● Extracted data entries
=======
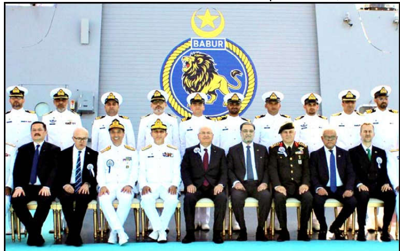
Minister of National Defence Turkiye, Defence Minister of Pakistan Lt. Gen Amjad Khan Niazi in a group photo along with commissioning crew onboard newly commissioned PNS BABUR

ISLAMABAD (INP): Pakistan's decision to recognise Israel will be determined by its national interests and those of Palestinians, according to Caretaker Foreign Minister Jalil Abbas Jilani, who also said he didn't meet his Israeli counterpart on the sidelines of UN General Assembly session in New York. Jilani was responding to claims by the Israeli Foreign Minister that 6 or 7 Muslim countries would make peace with the Jewish State if Saudi Arabia-Israel deal goes through. Foreign Minister Eli Cohen told Israel's KAN News on Friday that up to seven more Muslim countries could make peace with Israel if the Jewish State signs a peace agreement with Saudi Arabia. Speaking to the outlet immediately following Prime Minister Benjamin Netanyahu's speech at the United Nations General Assembly.
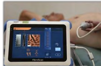
Example of fibroscan (Obtained from Dove Press Medical Limited)
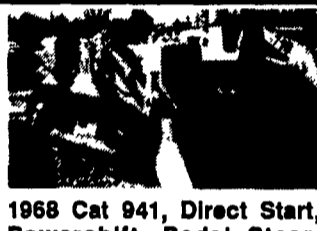
1968 Cat 941, Direct Start, Powershift, Pedal Steer, Runs Good. $11,500
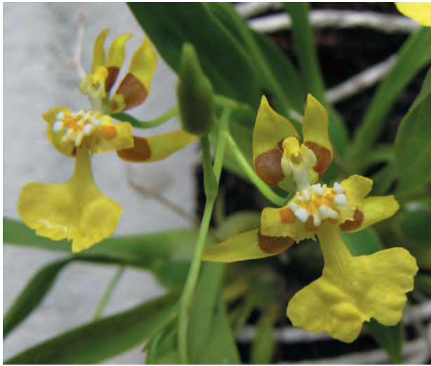
Figure 9. Neoruschia cogniauxiana (Schltr.) Cath. & V.P. Castro.

as synonyms of Alatiglossum . In another article, BARROS & RODRIGUES (2010b) created a new genus Nitidocidium to accommodate Oncidium gracile Lindl., previously treated as a member of Carenidium by Baptista (in DOCHA NETO et al. 2006), emphasizing the molecular results – placing O. gracile at the base of the Alatiglossum clade – and the absence of common morphological features between both entities.
=======
● What is needed
Set down again, exactly, every line above from the one with "1968 Cat 941, Direct" down to the one with "Figure 9. Neoruschia", both ends included. No pictures, and nothing else.

● Response to this task
1968 Cat 941, Direct Start, Powershift, Pedal Steer, Runs Good. $11,500
Figure 9. Neoruschia cogniauxiana (Schltr.) Cath. & V.P. Castro.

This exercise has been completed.